The Process of PCB Imaging Films

How Does PCB Printing Work?

PCB printing, specifically the method involving photo films, is a crucial step in transferring the electronic design onto the physical board. It involves creating highly accurate representations of the circuit layers that will guide the manufacturing process.

The printing process for creating the circuit pattern on a PCB doesn't involve directly printing ink onto the board like a paper printer. Instead, it focuses on creating tools—high-precision films—that are then used in a photographic process to transfer the design onto the copper layers of the PCB material.

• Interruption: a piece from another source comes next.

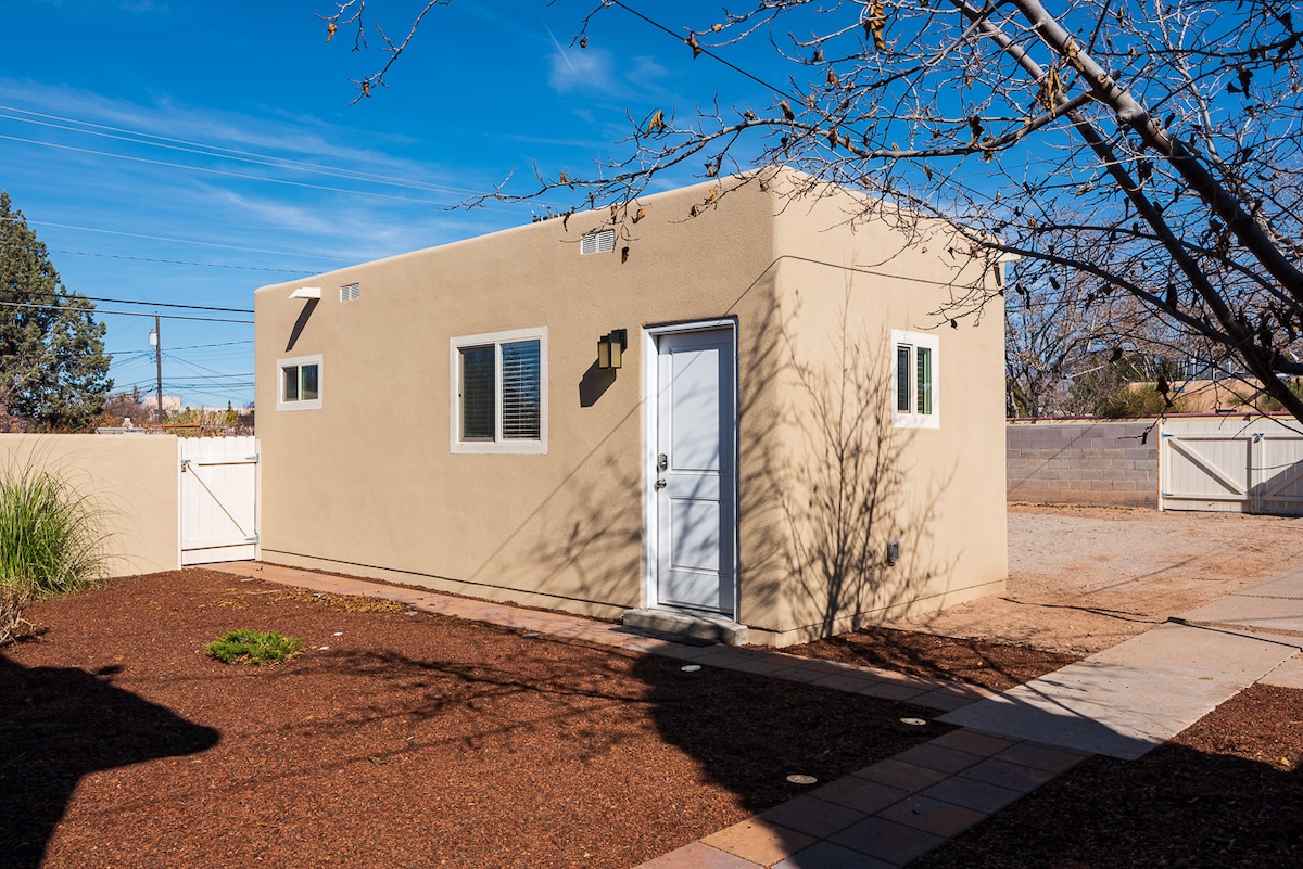 This modern southwest casita sits snuggly on our 1923 historic adobe property blending olde materials and modern amenities. Artist constructed; it brings a modern twist to your Albuquerque adventure. Casita is Spanish for little home, and this casita is entirely a home. Featuring full kitchen, King bed, a waterfall shower, private patio and pocket entryway doors that merge NM's beautiful outdoors with our cozy indoors. Permit:052140

Here's a breakdown based on common manufacturing practices and the provided reference:

Starting the Journey: Design to Manufacturing

The process begins after the design phase is complete. PCB designers output the necessary digital files representing the circuit layers, drill patterns, silkscreen labels, and solder mask. These files are then sent to the manufacturer. A vital preliminary step is the Design for Manufacturing (DFM) check. This ensures the design is feasible and optimized for the manufacturer's specific processes and equipment.

Creating the Photo Films

Once the DFM check is approved, the printing stage commences. Manufacturers utilize a specialized piece of equipment known as a plotter.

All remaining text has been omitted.